Wednesday 19 March 2008

Microsoft Software Factory Portfolio

Introduction

The Software Factories provide you with a set of proven practices for building distributed applications. These practices are exposed through architectural overviews, patterns, how-to topics, reference implementations, automated guidance packages, and application blocks. There are several SW factories you can download today ( Web Service (WSF), Smart Client(SCSF), web client (WCSF))

Microsoft Software Factory





  • Software factories mean, different things to people: some are more academic, some are more pragmatic and more tool-focused. Like the one Microsoft is using for example “A software factory is a structured collection of related software assets.
  • When a software factory is installed in a development environment, it helps architects and developers predictably and efficiently create high-quality instances of specific types of applications.”
  • Although the differences, they all share some common motivator : helping the developer (or designer/architect) to get the job done in a more efficient way (time-to-market) and more with more quality.
  • MS SF is also about guidance. It should feel having an experienced person next to you and advising you what you should , when you should do it and how you should do it . In the current incarnation of SF this will translate into some menus, wizards and templates to the standard Visual Studio environment (Solution Explorer) to help developers build whatever the SF was intended for.
  • MS SF is also about automation. Capturing this expertise/best practices/guidance into integrated, automated features of Visual Studio and letting Visual Studio do some tasks in a consistent (so less error-prone) way , takes away some chores from the developer. You could say SF are about re-use but not only code but also expertise.
  • MS SF is also geared towards abstraction . The patterns and best practices to build a web service are not directly translated into code but there’s is an intermediary step. This gives you an opportunity to delay certain implementation decisions. It enforces you to think about it first.

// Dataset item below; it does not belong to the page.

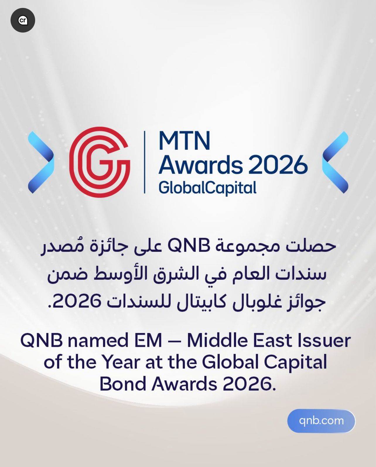 مجموعة QNB تحصد جائزة مُصدر سندات العام في الشرق الأوسط لعام 2026 من GlobalCapital

So the model is not the code but an abstraction (visual or not) of what you’re trying to establish and this data is kept and not lost.
  • The technologies that makes this possible are
    - The Guidance Automation Toolkit and its "run-time" companion Guidance Automation Extensions (GAX/GAT)
    - Domain Specific Language toolkit
    - Advancements in Visual Studio itself (Designer Integration Service)
  • The main point is that Microsoft Software factories help Software Factories help you build a specific kind of application.

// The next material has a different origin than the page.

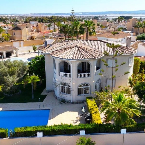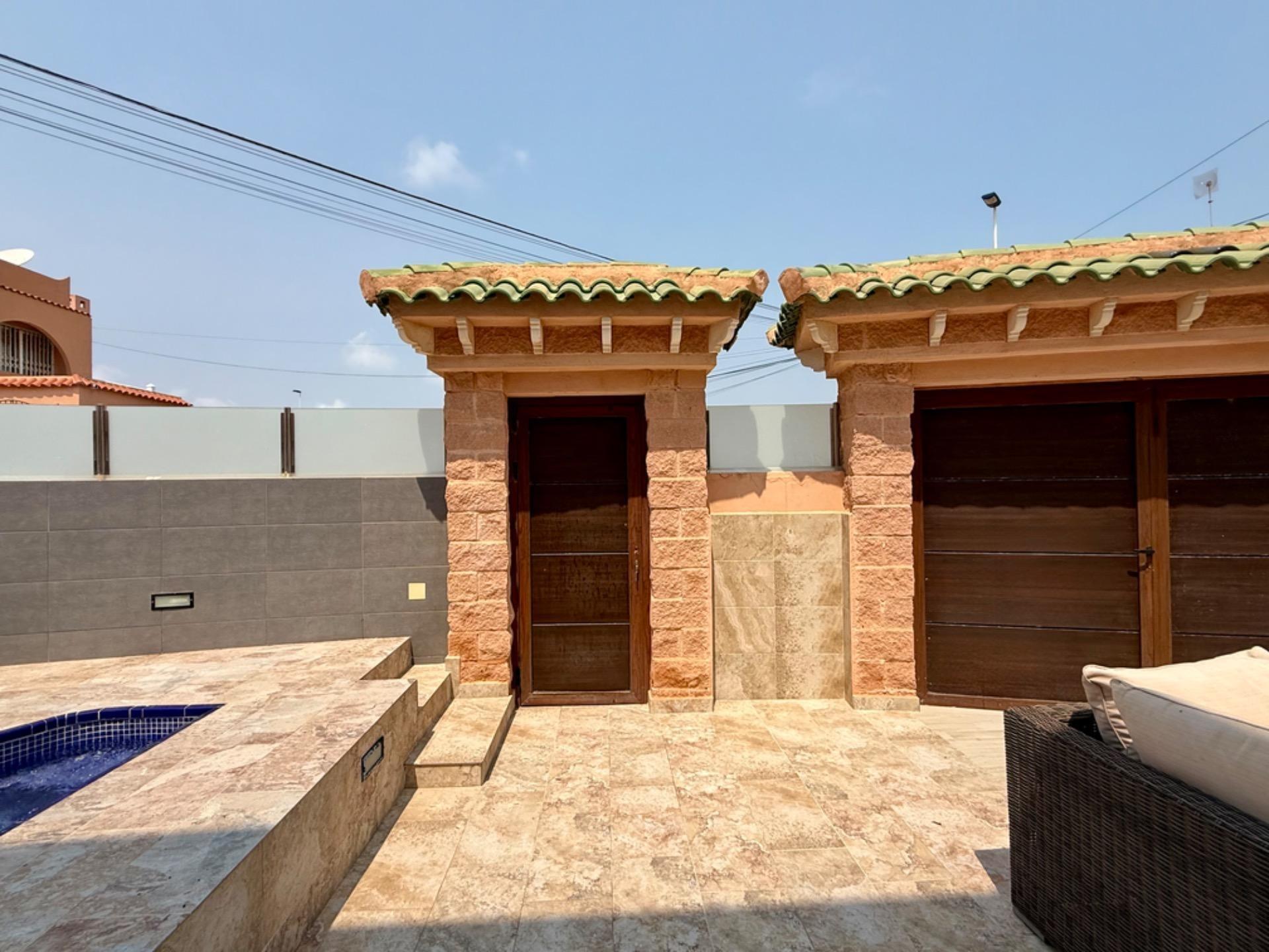 We present to you this exclusive villa in Los Frutales (Torrevieja), a prime location just 200 meters from the sea. An ideal property both as a permanent residence and for enjoying unforgettable holidays in a privileged setting. The house is distributed over two floors plus a private solarium: Ground floor: spacious and bright living room, large independent fully equipped kitchen, a complete bathroom and 2 bedrooms. This floor also offers on-site parking within the plot and a practical storage room. First floor: 3 bedrooms, a second complete bathroom, and a large terrace with a chill-out area, perfect for relaxing and enjoying the Mediterranean climate. Second floor: spectacular private solarium with open views, ideal for sunbathing, outdoor gatherings, or simply unwinding. The villa has a private pool, and in addition, within the complex there is access to a community pool, adding more leisure and comfort options. This property brings together everything those seeking exclusivity, comfort, and proximity to the beach are looking for. 📍 Perfect location: just steps from the beach, close to restaurants, supermarkets, green areas, and all the daily services you may need.

Domain Specific language and DSL Toolkit



  • A domain-specific language (DSL) is a programming language or executable specification language that offers, through appropriate notations and abstractions, expressive power focused on, and usually restricted to, a particular problem domain.
  • The DSL Toolkit (in the SDK) allows you to build visual interaction components that can be used from with in VS just like you would for example use a Winform Form designer. You drag & drop the VS-integrated graphical notations for a given model on the canvas and model the part of the application the DSL was conceived for. Later the actual code is generated for you. So the toolkits allows you to construct a custom-tailored designer for a model for a particular problem domain.
  • The main reason for this specialisation is that the more focused you are on a domain, the more specific you can make the abstractions and the better you can generate code from this models. Note that domain is not necessarily technical but also can be created for a particular sector like healthcare or finance.

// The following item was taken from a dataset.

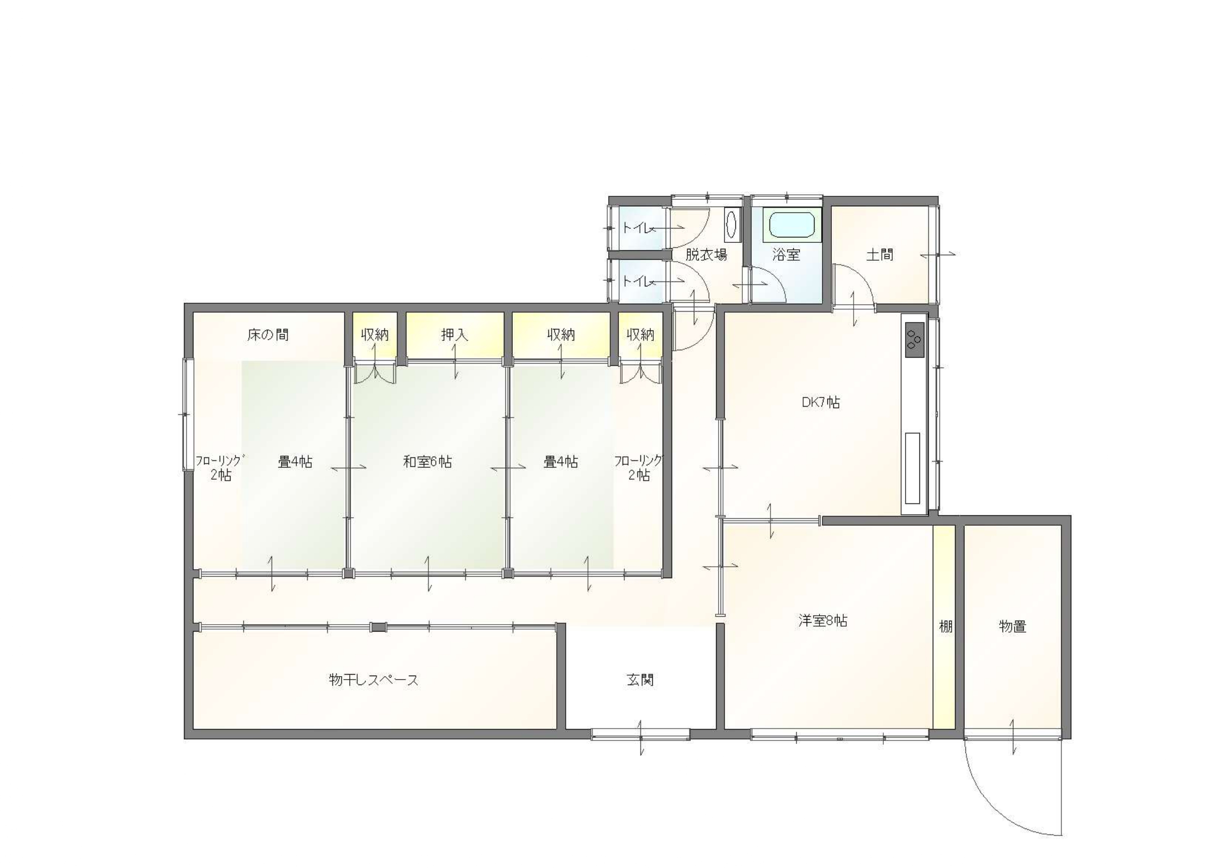 | 間取内訳 | 1F:DK7帖、洋室8帖、和室6帖、和室4帖×2 | ||

Guidance Automation extensions and toolkit

  • The Guidance Automation Toolkit and its "run-time" companion Guidance Automation Extensions (GAX/GAT) enable you to extent the Visual Studio 2005/2008 experience.
  • The Guidance Automation Extensions (GAX) is the runtime part that needs to be installed on the machines of the developers that want to use the Guidance Packages.
  • The Guidance Automation Toolkit (GAT) is the authoring part that helps you create the Guidance Packages and the setup projects to install them. Once you've installed GAT, you'll notice a new project type in Visual Studio called "Guidance Packages". This will contain all the packages that were installed on this machine.
  • Designed to simplify integrating reusable code into applications.
  • Allows architects to automate development activities that developers would usually have to perform manually; often by following a series of instructions.
  • By using the toolkit, architects can also ensure that repetitive and often error-prone activities are performed in a consistent manner, streamlining and accelerating the development process.

Portfolio

Gives answer to various scenarios









  • Smart Client Software factory
  • Web Client Software factory
  • Web service software factory
  • Mobile Client Software Factory
  • Repository factory : The Repository Factory generates business entities, stored procedures, and repository classes based on an existing database. Can be enabled in the other factories.
  • Application Block Software Factory : Included in the Enterprise Library - guides developers through the process of creating new application blocks and extending existing Enterprise Library application blocks.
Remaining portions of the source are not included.